# Gun for spraying acrylic latex?



## Masterjer (Nov 6, 2012)

I have the HF purple gravity feed HVLP gun and have sprayed lacquer with it quite successfully. I would like to try spraying an acrylic latex paint. Is this an ok gun to use for the job? If not, can someone recommend an acceptable HF gun and a thinning amount for the SW ProClassic interior paint?

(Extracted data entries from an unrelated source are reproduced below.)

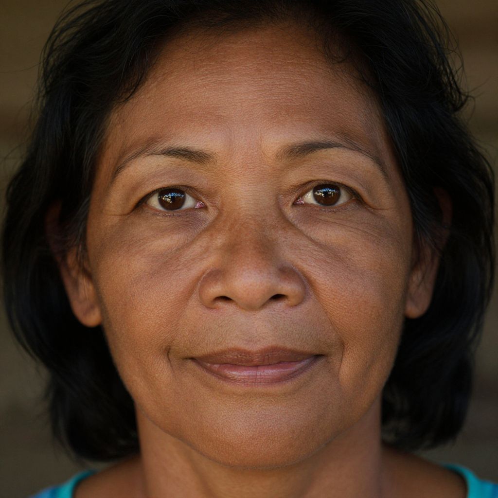 A portrait photograph reveals a middle-aged Micronesian woman with deep brown eyes, framed by short wavy black hair and warm olive skin. Her expression radiates wisdom and gentle humor, captured in intimate close-up detail that showcases the texture of her subtle smile lines and soft complexion. The ambient light softly illuminates her face from below, casting delicate shadows across her high cheekbones while emphasizing the depth and vibrancy of her richly hued eyes. This evokes a sense of vulnerability and resilience, drawing viewers into an intimate connection with her world.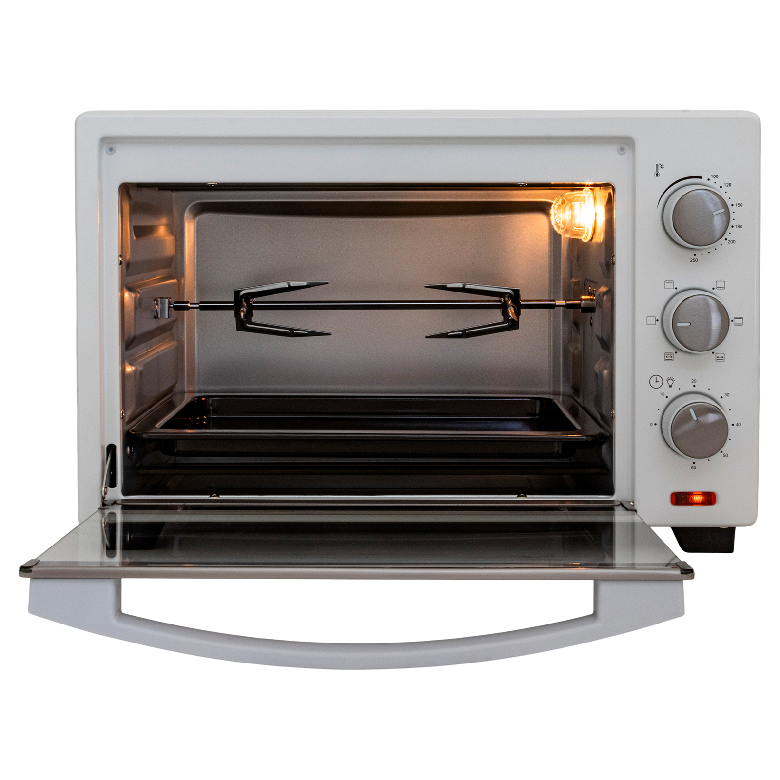 электропечь, металлическая решетка, плоский противень, круглая форма для пиццы, ухват для противня, вертел, ухват для вертела, инструкция на русском языке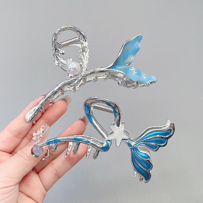 超仙网红蓝色鱼尾简约大号抓夹优雅气质后脑勺盘头发饰精致发夹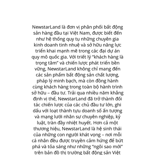 Website: https://newstarland.com. NewstarLand là đơn vị phân phối bất động sản hàng đầu tại Việt Nam, được biết đến như hệ thống quy tụ những chuyên gia kinh doanh tinh nhuệ và sở hữu năng lực triển khai mạnh mẽ trong các đại dự án quy mô quốc gia. V
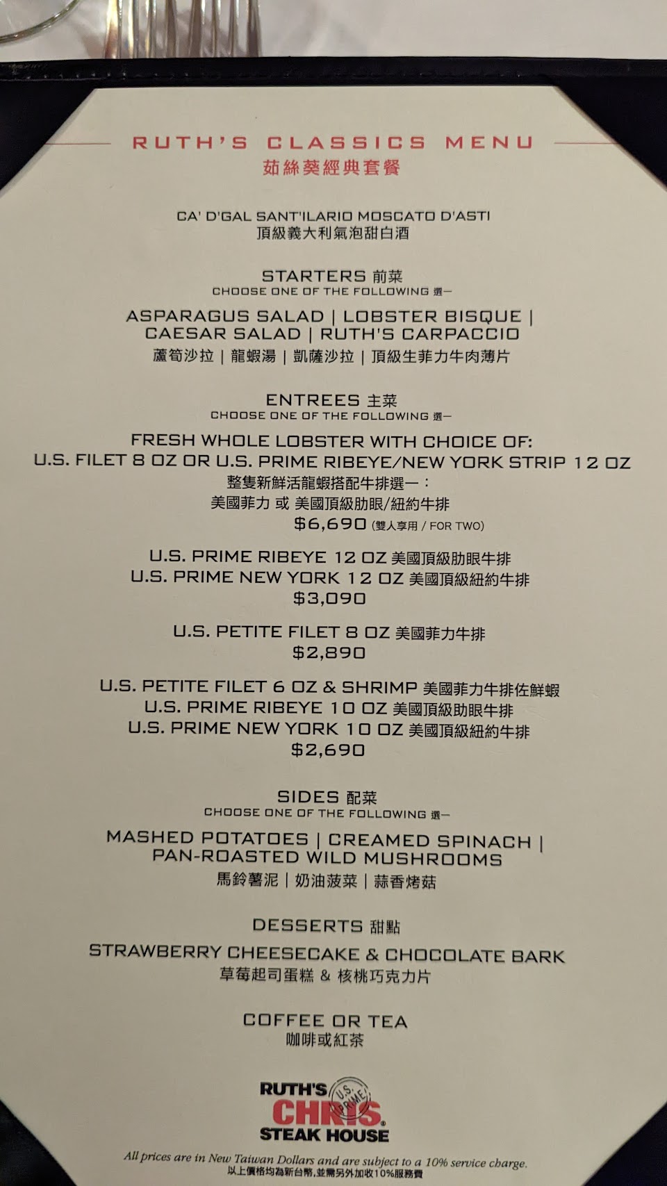 一如往常,餐前的麵包加奶油/前菜的蟹肉球與佐鮮蝦/菲力跟肋眼/餐後的香蕉派、布蕾…全是驚艷!
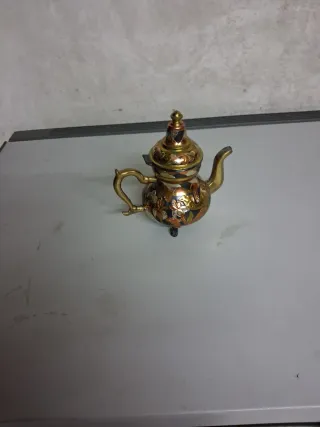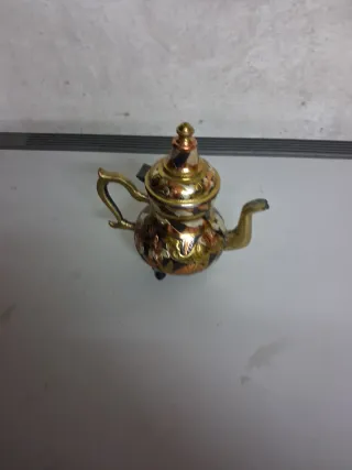 Tetera antigua con un diseño intrincado y detalles metálicos. - Materiales metálicos con acabados en dorado, cobre y negro. - Decoración floral y geométrica. - Forma tradicional de tetera con asa y pico.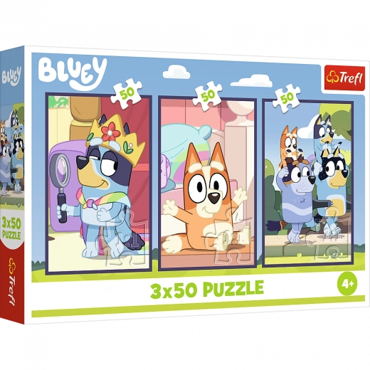 Zestaw Rodina Bluey zawiera trzy wspaniałe układanki, każda po 50 elementów. Każda układanka przedstawia ulubione postacie z animowanej bajki Bluey i po złożeniu tworzy piękne obrazki o wymiarach 275x180 mm. Ta wersja puzzli świetnie nadaje się do grupowego składania i wspiera współpracę zespołową między dziećmi.
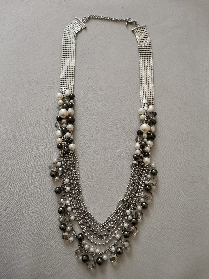 Gri renkte, desenli inci ve boncuk detaylı uzun kadın kolyesi. Çağdaş ve bohem tarzları birleştirir, günlük kullanıma uygundur.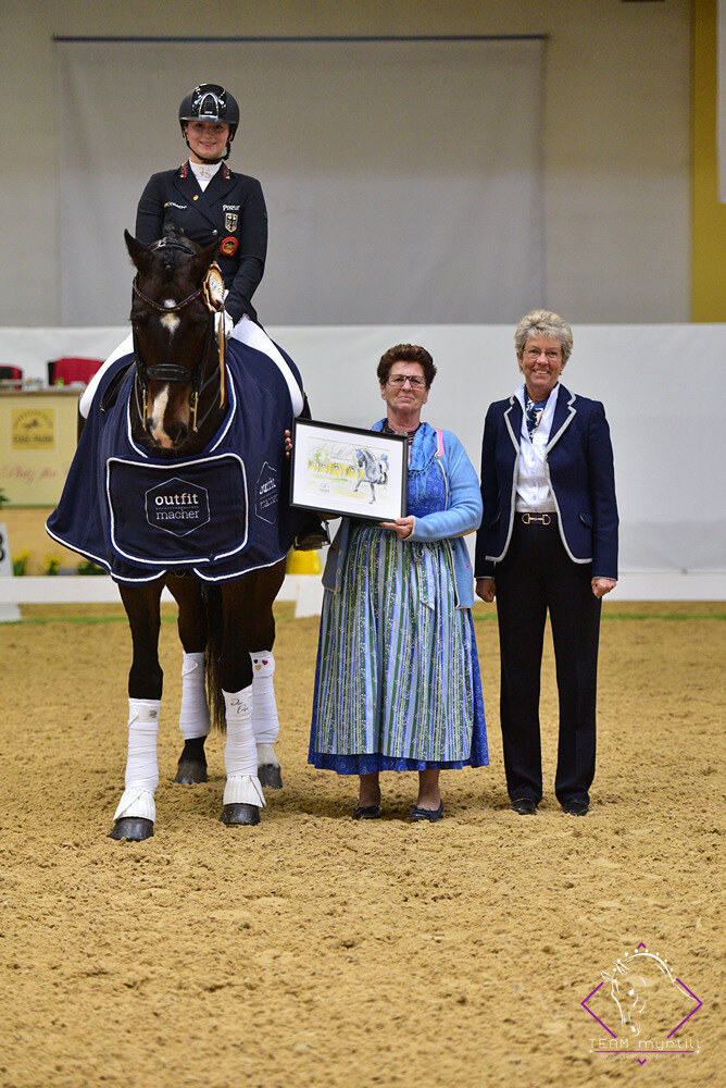 An diesem Osterwochenende findet im österreichischen Pferdezentrum Stadl-Paura ein internationales Dressurturnier der Extraklasse statt. Ein gutes Pflaster besonders für Jana Schrödter, die hier in der Jungen Reiter-Tour die deutschen, und auch die Farben Baden-Württembergs vertritt. Nach Platz drei in der Mannschaftsaufgabe konnte sich Jana Schrödter mit Der Erbe OLD in der Einzelaufgabe nochmals deutlich steigern. Mit 72,353 Prozent setzte sich die Berufsreitertochter von Trainer Jörg Schrödter überlegen an die Spitze. Lediglich einen kleiner Patzer in der Wechseltour mussten die Richter der Leipheimerin, die nach ihrem Praktikum bei Helgstrand Dressage wieder an den heimischen Stall zurückgekehrt ist, ankreiden. Die Krönung des Wochenendes folgte in der finalen Kür an diesem Ostersamstag. Mit bärenstarken 75,867 Prozent gewinnt Schrödter auch diese Prüfung im Sattel ihres Oldenburger Dimaggio-Nachkommen. (akb)

I am pretty new to spraying and am not sure whether paint requires a siphon gun or what size tip and pressures are required.


----------



## Masterjer (Nov 6, 2012)

Now that I'm thinking about it, I may opt to have SW color match a precat lacquer to the color of trim paint I'll be using throughout the house. I like the idea of sticking to spraying lacquer for cabinets and built-ins as long as it will match the trim paint color, which will be SW ProClassic.


----------



## Steve Neul (Sep 2, 2011)

I don't see how you are getting away with spraying latex in that gun. Any cup gun I've used you have to thin latex so much it goes on like colored water. If you are able to spray latex you should be able to spray acrylic latex as well. If you have very much to spray I would recommend using an airless sprayer or a pressure pot with a conventional sprayer. Harbor Freight has a pressure pot for about 100 bucks. I believe the gun and hose kit that goes with it is 40 or 50 bucks. Even spraying lacquer it works so much better. You can turn the gun at any angle and get into smaller places like the inside of cabinets.


----------



## ryan50hrl (Jun 30, 2012)

I sprayed Dutch boy cabinet and trim latex paint using a cheap hvlp gun for all my kitchen cabinets, yes I had to thin it, and it took quite a few coats, but the finished product was excellent.


----------



## BWSmith (Aug 24, 2010)

I'm assuming....and we all know where that leads.......


You're talkin "house paint".To use an HVLP gun......most of which(HF,cough,cough)are based on a 20+ y.o. Sata design.They,IMO just weren't designed to handle such a thick product.

There are problems,which I can't really put into words when you "cut" or "shear" a too thick of product through a spray gun.It isn't so much a factor of whether it's "doable" or not,but how it effects the outcome.

There are guns that'll spray "bondo"(automotive reference).....given a large enough orifice,.....we can "spray" concrete.So, yes.....you can spray house paint with an HVLP gun.

But it only gets deeper..........spraying is but one step.How well it "finishes" is dependent on the materials properties in that regard.And is where most folks drop the ball....they're caught up into the "spraying" and forget the chemistry/temp/bond side of the equation.


----------